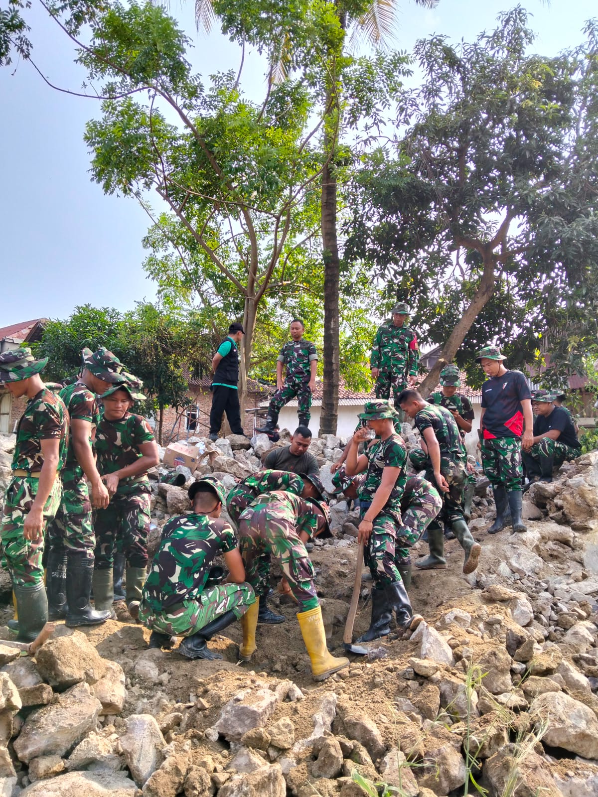 Kegiatan pemecahan runtuhan tembok penahan air ini melibatkan puluhan personel gabungan dan alat berat dari Dinas PU. Seluruh proses berjalan lancar dari pukul 07.00 WIB hingga selesai, tanpa kendala berarti.
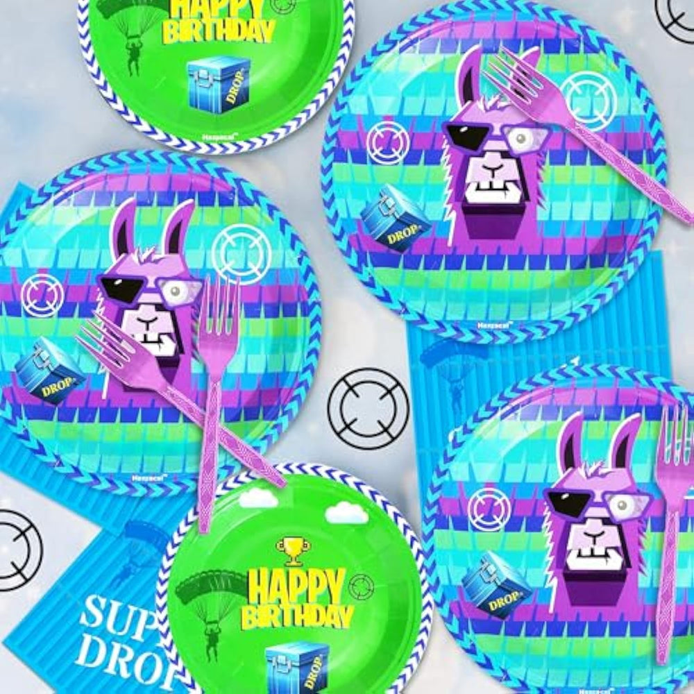 | Llama Plates Set Includes: This Video Games Disposable Dinnerware Total 64 Pieces, Includes 16 Pcs 9 ”Plates, 16 Pcs 7 ”Plates, 16 Pcs Forks, 16Pcs Napkins. | | Video Games Themed Party - Perfect For A Video Games Party, Gamer'S Game Theme Party, Birthday Party Tableware Set. Easily Make Your Party Full Of Atmosphere. It Will Make Your Party Full Of Fun. | | Convenience: You Can Simply Throw These Out When Making Cleaning Up After Party . Save Time And Effortless. The Design Is Diversified To Meet Your Different Needs. Let'S Spend More Time With Our Friends And Classmate. | | High Quality: It Is Made Of High-Quality Cardboard, Which Is Firm, Light, Odorless, Durable And Beautiful. It Can Be Displayed As Cake, Cupcake, Candy, Doughnut, Biscuit, Toy And Gift Tray At Your Child'S Birthday Party. | | ?Buy With Confidence? This Video Game Birthday Party Dinner Plate Set Is Your Right Choice, You Will Get High Quality And Fun. If You Have Any Questions About Damage, Shortage, Transportation Or Other Aspects, Please Feel Free To
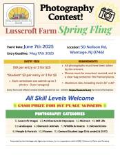 Photo contest to benefit Lusscroft Farm Residents may enter a benefit photography contest at Lusscroft Farm, 50 Neilson Road, Wantage. All skill levels are welcome.... Entertainment 12 May 2025 | 03:59
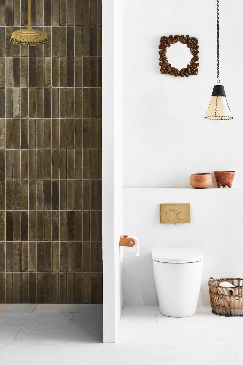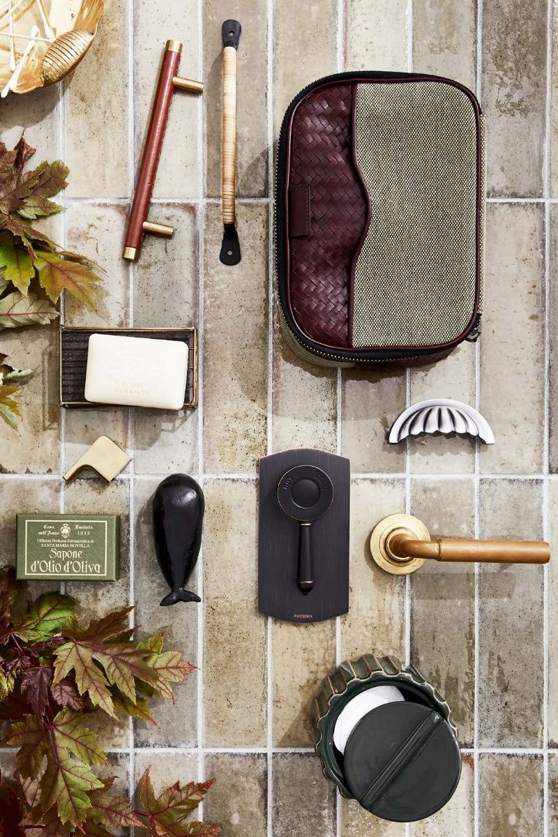 ABOVE Clockwise from top left Clam dish, Casa by Studio Kate. Joseph Thurloe cabinet handle, The English Tapware Company. Fleet cane-wrapped drawer pull,The Society Inc. Mantidy cotton and leather wash bag and manicure set, Becker Minty. Armac Martin ‘Aberdovey’ cup pull in Antique Silver, and Frank Allart ‘Fifth Avenue’ door lever in Rosette, both The English Tapware Company. Talma ceramic stash container, Casa by Studio Kate. Nostalgia shower/wall mixer in Black, Phoenix Tapware.Whale sculpture by Keiko Matsui, and Santa Maria Novella ‘Olio d’Oliva’ soap, both Casa by Studio Kate. Gloss brass robe hook,Phoenix Tapware. Soap, as before. Plat-Eau Pietra d’Avola limestone, bamboo and brass soap dish,Boffi Studio Sydney. Maple leaves, Mandalay Flowers. Zellij brick tiles in Musk Gloss (60x240mm), Skheme (background).OPPOSITE, IN SHOWER Perrin & Rowe ‘Example 2C’ shower set,The English Tapware Company. Zellij brick tiles in Musk Gloss (60x240mm), Skheme. Rattan stool,Orient House. IN TOILET ZONE From top Wall painted Stone Paint Coarse in Rubble, Porter’s Paints. C. 1900 Repousse mirror,The Vault Sydney. Keepsake chain,The Society Inc. Vanilla lampshade, Orient House. Pre-Columbian terracotta vessels, POA, The Vault Sydney. Tondo push panel in Brushed Brass PVD, and Linfa rimless toilet, both Parisi. Tulum toilet roll holder, Casa by Studio Kate. Tyabb basket, Provincial Home Living. Chios brushed-limestone tiles,Teranova. Tiling by Mustafa Tiler.
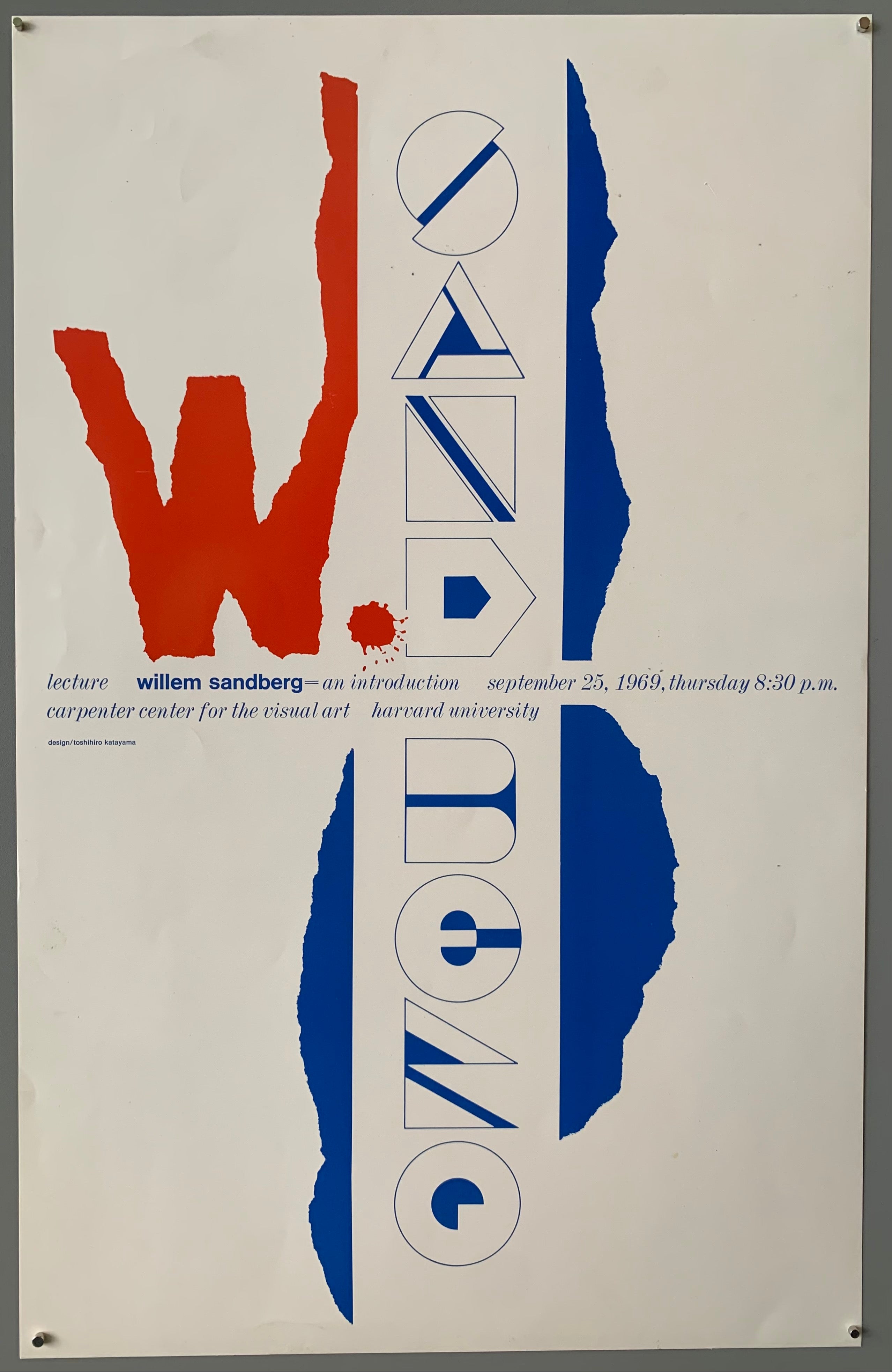 This lecture by Willem Sandberg took place at Harvard University's Carpenter Center for the Visual Arts. Sandberg was a Dutch typographer, museum curator, and member of the Dutch resistance during World War II. This poster takes inspiration from Sandberg's work. While his legacy is not well-known today, he was known for enlisting his colleagues and using his design skills to create false documents, allowing Jews safe passage out of The Netherlands.
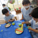 初めてのはさみの活動でしたが、はさみの使い方もとても上手で、チョキチョキ画用紙が切れる様子を楽しみながら取り組むことができました
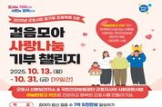 경기호연뉴스 민선기 기자 | 군포시 산본보건지소는 오는 10월 13일부터 31일까지(19일간) 국민건강보험공단 군포지사와 함께하는 '걸음모아 사랑나눔' 기부챌린지를 운영한다. ‘걸음모아 사랑나눔’ 기부챌린지는 2023년부터 군포시와 국민건강보험공단 군포지사가 협력해 추진해 온 사회공헌형 걷기 사업이다. 시민들이 일상 속에서 걸음을 모아 목표를 달성하면 이를 기부로 연계해 취약계층에 전달하는 방식으로 진행되며 시민과 지역 내 기업·단체가 함께 참여해 건강한 나눔 문화를 지역사회에 확산시키고 있다. 기부챌린지는 군포시민 누구나 참여할 수 있으며 참여 기간은 10월 13일부터 31일까지이다. 참여방법은 워크온 앱을 설치한 뒤 ‘군포시 공식 커뮤니티’에 가입해 챌린지에 참여하면 된다. 챌린지 기간 동안 누적 목표 걸음 수 1억 5천만보를 달성하면 국민건강보험공단 군포지사에서 기부하는 총 100만 원의 기부금이 관내 아동복지시설과 지역아동센터 2곳에 전달될 예정이다. 김미경 군포시 보건소장은 “이번 챌린지는 단순히 건강을 위한 걷기를 넘어 시민 한 분 한 분의 발걸음이 모여 취약계층을 돕는 소중한 나눔으로 이어진다는 데

********************

**Instructions for the task:**
Transcribe the material above word for word; images do not belong in the copy.

**Exercise answer:**
 Kegiatan pemecahan runtuhan tembok penahan air ini melibatkan puluhan personel gabungan dan alat berat dari Dinas PU. Seluruh proses berjalan lancar dari pukul 07.00 WIB hingga selesai, tanpa kendala berarti.
 | Llama Plates Set Includes: This Video Games Disposable Dinnerware Total 64 Pieces, Includes 16 Pcs 9 ”Plates, 16 Pcs 7 ”Plates, 16 Pcs Forks, 16Pcs Napkins. | | Video Games Themed Party - Perfect For A Video Games Party, Gamer'S Game Theme Party, Birthday Party Tableware Set. Easily Make Your Party Full Of Atmosphere. It Will Make Your Party Full Of Fun. | | Convenience: You Can Simply Throw These Out When Making Cleaning Up After Party . Save Time And Effortless. The Design Is Diversified To Meet Your Different Needs. Let'S Spend More Time With Our Friends And Classmate. | | High Quality: It Is Made Of High-Quality Cardboard, Which Is Firm, Light, Odorless, Durable And Beautiful. It Can Be Displayed As Cake, Cupcake, Candy, Doughnut, Biscuit, Toy And Gift Tray At Your Child'S Birthday Party. | | ?Buy With Confidence? This Video Game Birthday Party Dinner Plate Set Is Your Right Choice, You Will Get High Quality And Fun. If You Have Any Questions About Damage, Shortage, Transportation Or Other Aspects, Please Feel Free To
 Photo contest to benefit Lusscroft Farm Residents may enter a benefit photography contest at Lusscroft Farm, 50 Neilson Road, Wantage. All skill levels are welcome.... Entertainment 12 May 2025 | 03:59
 ABOVE Clockwise from top left Clam dish, Casa by Studio Kate. Joseph Thurloe cabinet handle, The English Tapware Company. Fleet cane-wrapped drawer pull,The Society Inc. Mantidy cotton and leather wash bag and manicure set, Becker Minty. Armac Martin ‘Aberdovey’ cup pull in Antique Silver, and Frank Allart ‘Fifth Avenue’ door lever in Rosette, both The English Tapware Company. Talma ceramic stash container, Casa by Studio Kate. Nostalgia shower/wall mixer in Black, Phoenix Tapware.Whale sculpture by Keiko Matsui, and Santa Maria Novella ‘Olio d’Oliva’ soap, both Casa by Studio Kate. Gloss brass robe hook,Phoenix Tapware. Soap, as before. Plat-Eau Pietra d’Avola limestone, bamboo and brass soap dish,Boffi Studio Sydney. Maple leaves, Mandalay Flowers. Zellij brick tiles in Musk Gloss (60x240mm), Skheme (background).OPPOSITE, IN SHOWER Perrin & Rowe ‘Example 2C’ shower set,The English Tapware Company. Zellij brick tiles in Musk Gloss (60x240mm), Skheme. Rattan stool,Orient House. IN TOILET ZONE From top Wall painted Stone Paint Coarse in Rubble, Porter’s Paints. C. 1900 Repousse mirror,The Vault Sydney. Keepsake chain,The Society Inc. Vanilla lampshade, Orient House. Pre-Columbian terracotta vessels, POA, The Vault Sydney. Tondo push panel in Brushed Brass PVD, and Linfa rimless toilet, both Parisi. Tulum toilet roll holder, Casa by Studio Kate. Tyabb basket, Provincial Home Living. Chios brushed-limestone tiles,Teranova. Tiling by Mustafa Tiler.
 This lecture by Willem Sandberg took place at Harvard University's Carpenter Center for the Visual Arts. Sandberg was a Dutch typographer, museum curator, and member of the Dutch resistance during World War II. This poster takes inspiration from Sandberg's work. While his legacy is not well-known today, he was known for enlisting his colleagues and using his design skills to create false documents, allowing Jews safe passage out of The Netherlands.
 初めてのはさみの活動でしたが、はさみの使い方もとても上手で、チョキチョキ画用紙が切れる様子を楽しみながら取り組むことができました
 경기호연뉴스 민선기 기자 | 군포시 산본보건지소는 오는 10월 13일부터 31일까지(19일간) 국민건강보험공단 군포지사와 함께하는 '걸음모아 사랑나눔' 기부챌린지를 운영한다. ‘걸음모아 사랑나눔’ 기부챌린지는 2023년부터 군포시와 국민건강보험공단 군포지사가 협력해 추진해 온 사회공헌형 걷기 사업이다. 시민들이 일상 속에서 걸음을 모아 목표를 달성하면 이를 기부로 연계해 취약계층에 전달하는 방식으로 진행되며 시민과 지역 내 기업·단체가 함께 참여해 건강한 나눔 문화를 지역사회에 확산시키고 있다. 기부챌린지는 군포시민 누구나 참여할 수 있으며 참여 기간은 10월 13일부터 31일까지이다. 참여방법은 워크온 앱을 설치한 뒤 ‘군포시 공식 커뮤니티’에 가입해 챌린지에 참여하면 된다. 챌린지 기간 동안 누적 목표 걸음 수 1억 5천만보를 달성하면 국민건강보험공단 군포지사에서 기부하는 총 100만 원의 기부금이 관내 아동복지시설과 지역아동센터 2곳에 전달될 예정이다. 김미경 군포시 보건소장은 “이번 챌린지는 단순히 건강을 위한 걷기를 넘어 시민 한 분 한 분의 발걸음이 모여 취약계층을 돕는 소중한 나눔으로 이어진다는 데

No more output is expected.